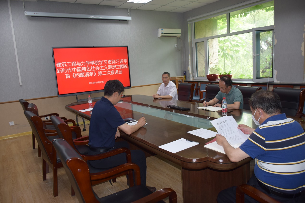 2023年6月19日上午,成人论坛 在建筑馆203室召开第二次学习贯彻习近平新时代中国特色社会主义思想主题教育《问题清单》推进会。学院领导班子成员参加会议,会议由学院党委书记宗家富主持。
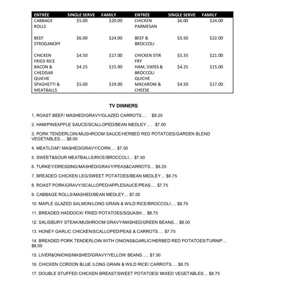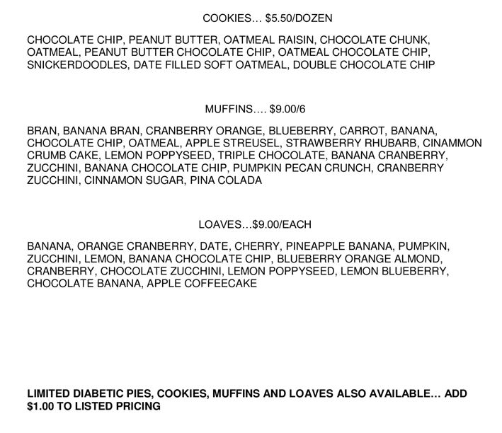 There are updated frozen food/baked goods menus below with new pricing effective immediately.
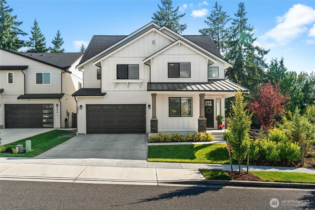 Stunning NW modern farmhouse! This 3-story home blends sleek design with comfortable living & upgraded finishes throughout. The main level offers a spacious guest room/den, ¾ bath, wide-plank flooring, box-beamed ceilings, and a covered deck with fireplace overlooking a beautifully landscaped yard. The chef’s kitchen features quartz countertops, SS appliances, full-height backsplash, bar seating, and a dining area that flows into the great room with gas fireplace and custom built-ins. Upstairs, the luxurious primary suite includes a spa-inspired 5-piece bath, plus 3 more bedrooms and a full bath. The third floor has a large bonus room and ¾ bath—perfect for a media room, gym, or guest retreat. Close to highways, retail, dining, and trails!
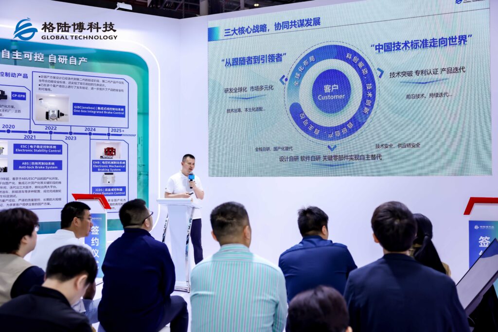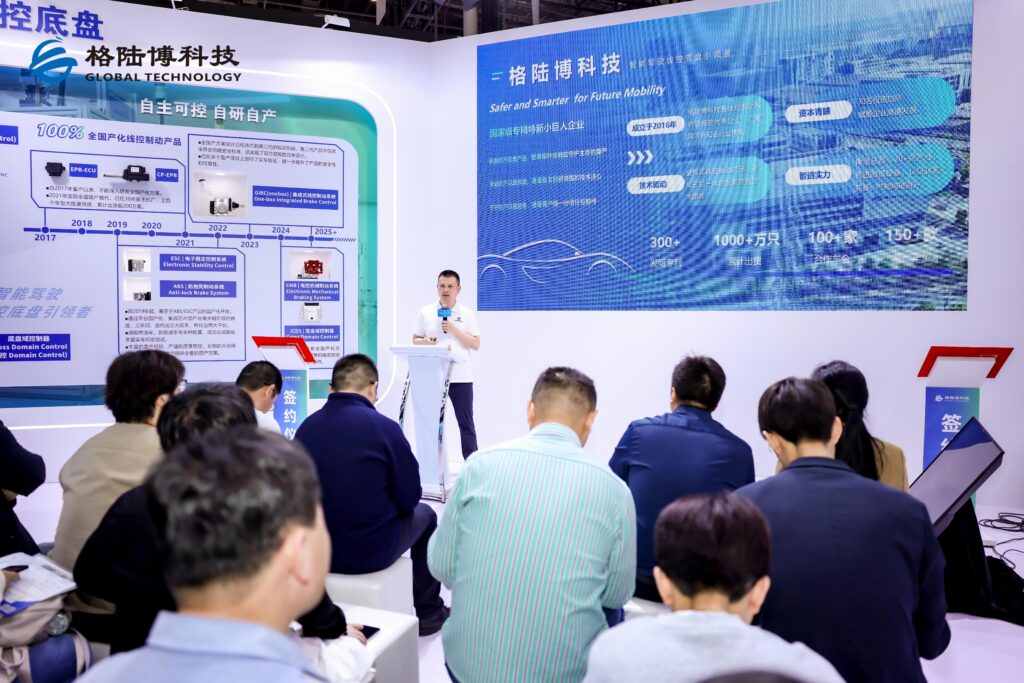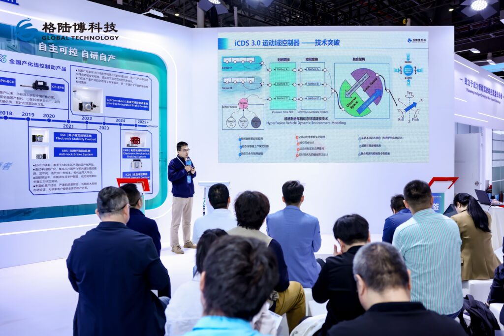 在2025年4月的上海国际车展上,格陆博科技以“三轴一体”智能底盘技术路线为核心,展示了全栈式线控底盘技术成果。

--

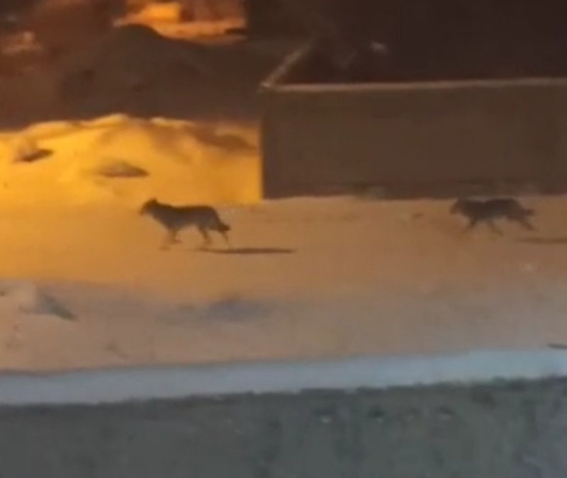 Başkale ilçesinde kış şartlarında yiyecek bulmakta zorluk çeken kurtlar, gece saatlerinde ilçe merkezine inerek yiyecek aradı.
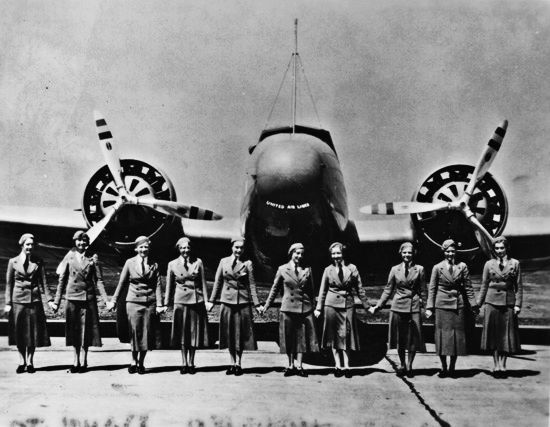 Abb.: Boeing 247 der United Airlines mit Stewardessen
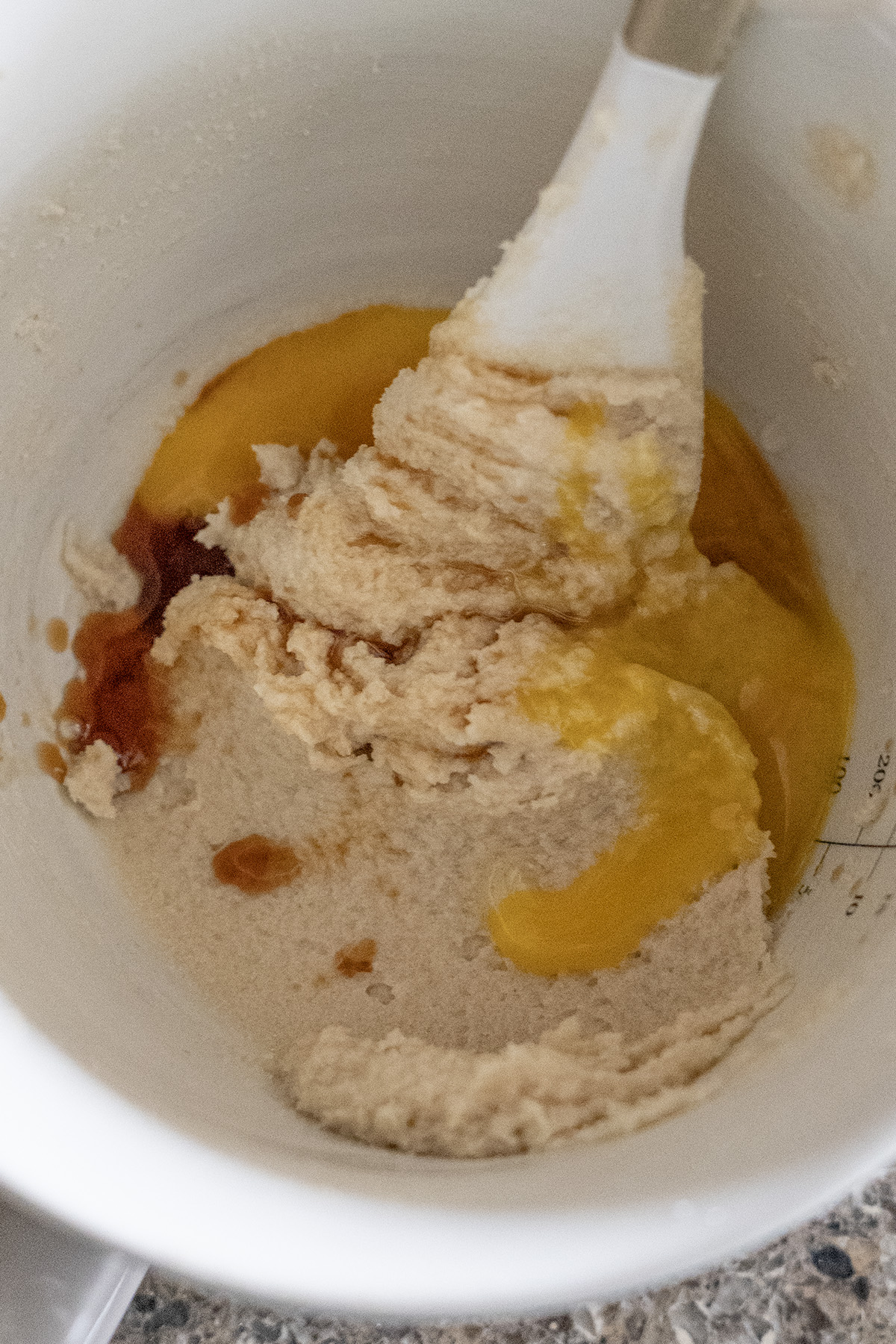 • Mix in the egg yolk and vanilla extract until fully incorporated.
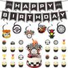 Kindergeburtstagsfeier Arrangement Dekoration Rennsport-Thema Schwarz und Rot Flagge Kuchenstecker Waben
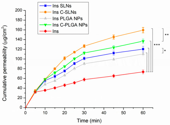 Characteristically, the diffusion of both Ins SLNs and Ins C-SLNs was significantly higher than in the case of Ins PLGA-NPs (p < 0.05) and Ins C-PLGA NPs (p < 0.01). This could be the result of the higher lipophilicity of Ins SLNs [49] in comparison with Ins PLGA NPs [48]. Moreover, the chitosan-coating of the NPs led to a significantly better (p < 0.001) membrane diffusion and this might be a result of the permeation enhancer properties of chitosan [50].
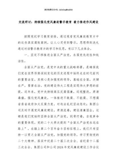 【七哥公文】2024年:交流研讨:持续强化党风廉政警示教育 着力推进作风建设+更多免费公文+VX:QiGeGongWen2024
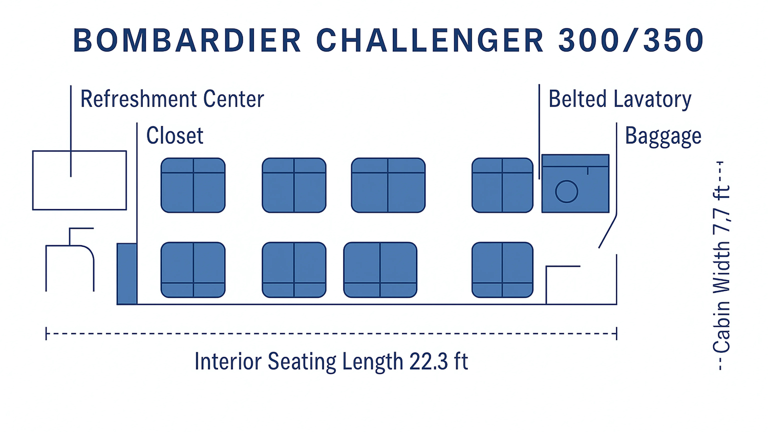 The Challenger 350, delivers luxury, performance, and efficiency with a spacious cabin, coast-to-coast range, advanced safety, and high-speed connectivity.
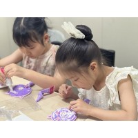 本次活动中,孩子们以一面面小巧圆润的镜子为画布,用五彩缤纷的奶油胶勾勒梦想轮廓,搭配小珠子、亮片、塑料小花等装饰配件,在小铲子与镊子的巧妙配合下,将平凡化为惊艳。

* * *

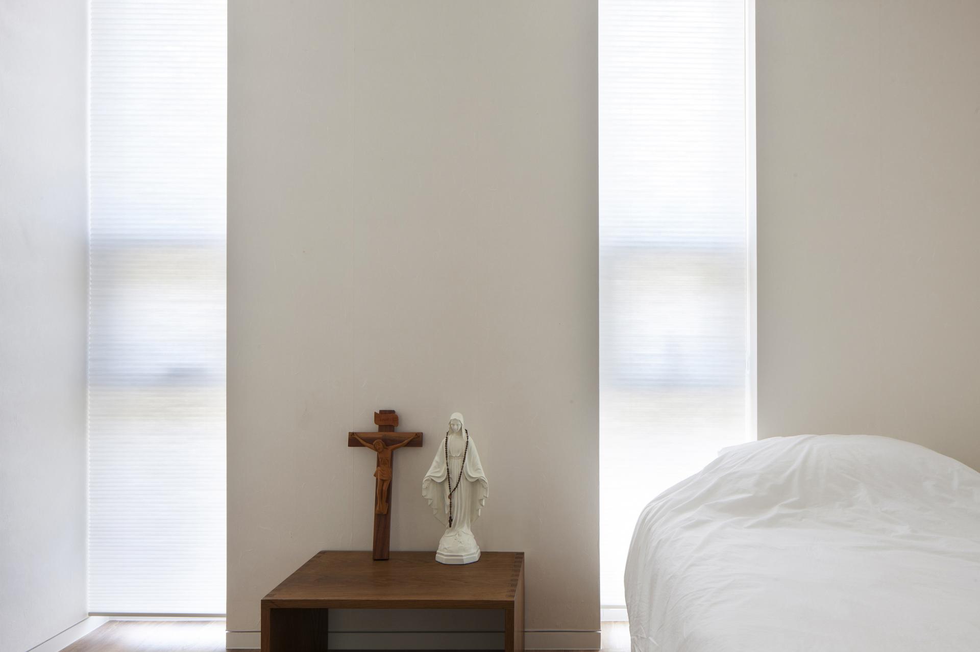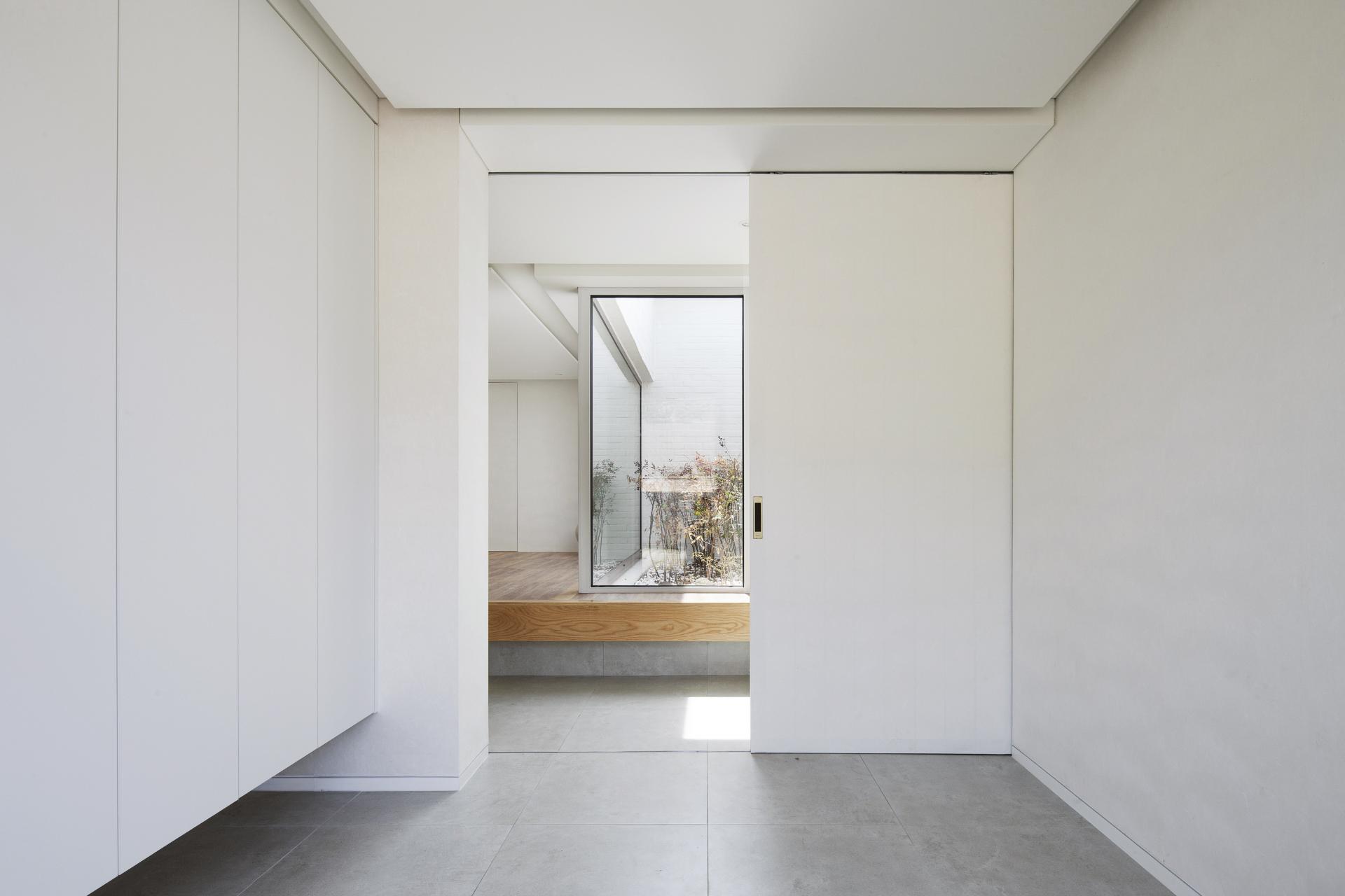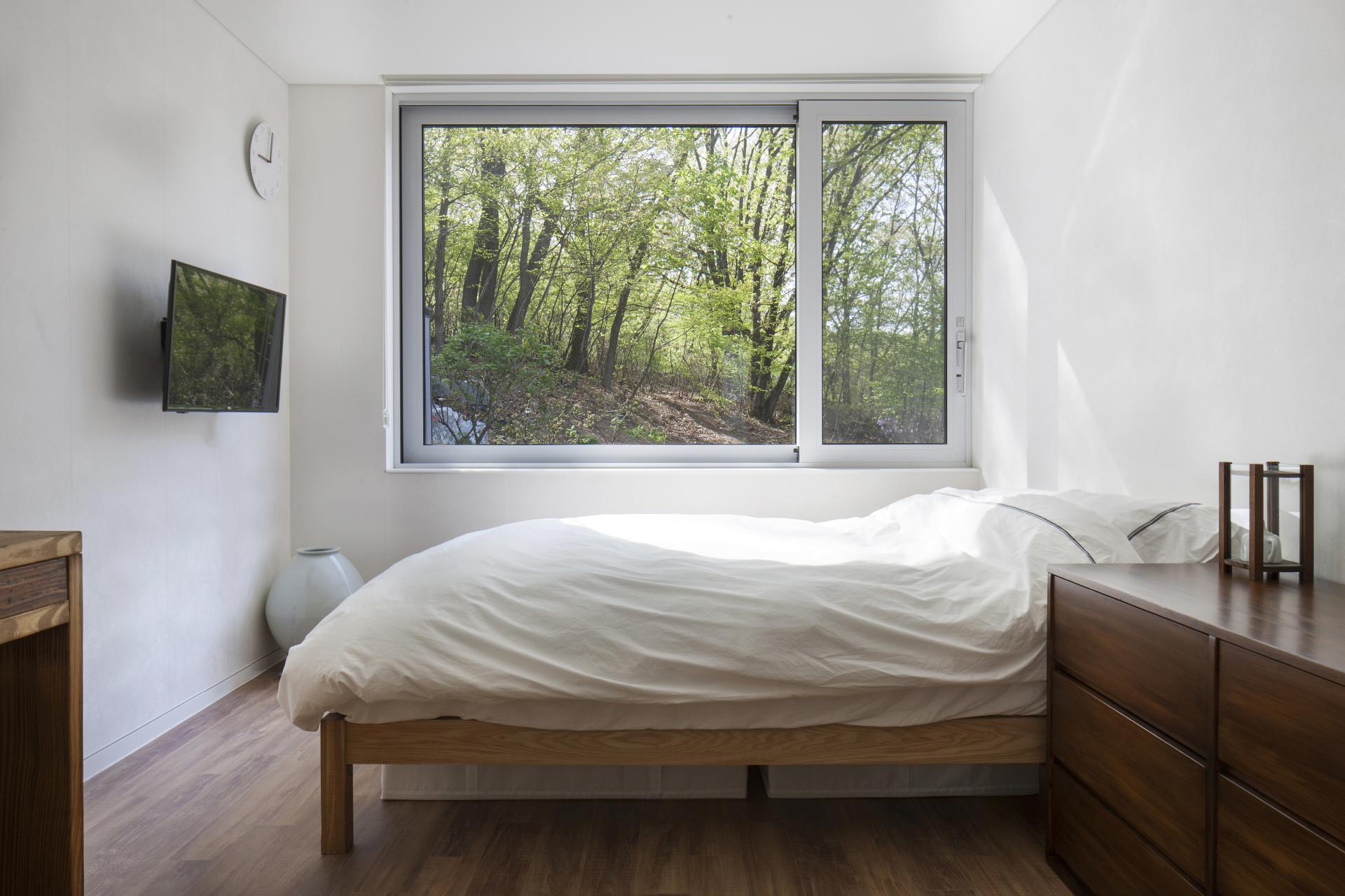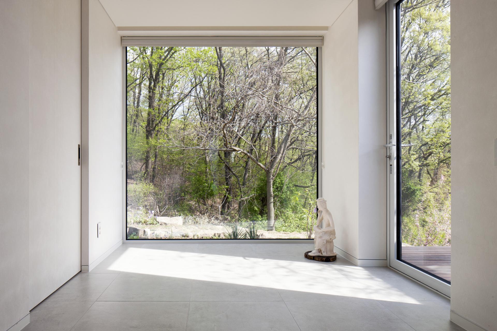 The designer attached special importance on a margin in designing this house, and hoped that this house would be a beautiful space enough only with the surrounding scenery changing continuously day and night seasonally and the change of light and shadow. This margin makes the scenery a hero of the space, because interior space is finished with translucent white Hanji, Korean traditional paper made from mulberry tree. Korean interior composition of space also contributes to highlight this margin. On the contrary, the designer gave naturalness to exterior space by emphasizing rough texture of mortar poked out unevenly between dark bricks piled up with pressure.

**Your goal**: Using the entries above, repeat exactly the lines from the one with "2023年6月19日上午,成" to the one with "There are updated", both included, and leave the pictures behind.

**Output below**:
 2023年6月19日上午,成人论坛 在建筑馆203室召开第二次学习贯彻习近平新时代中国特色社会主义思想主题教育《问题清单》推进会。学院领导班子成员参加会议,会议由学院党委书记宗家富主持。
 There are updated frozen food/baked goods menus below with new pricing effective immediately.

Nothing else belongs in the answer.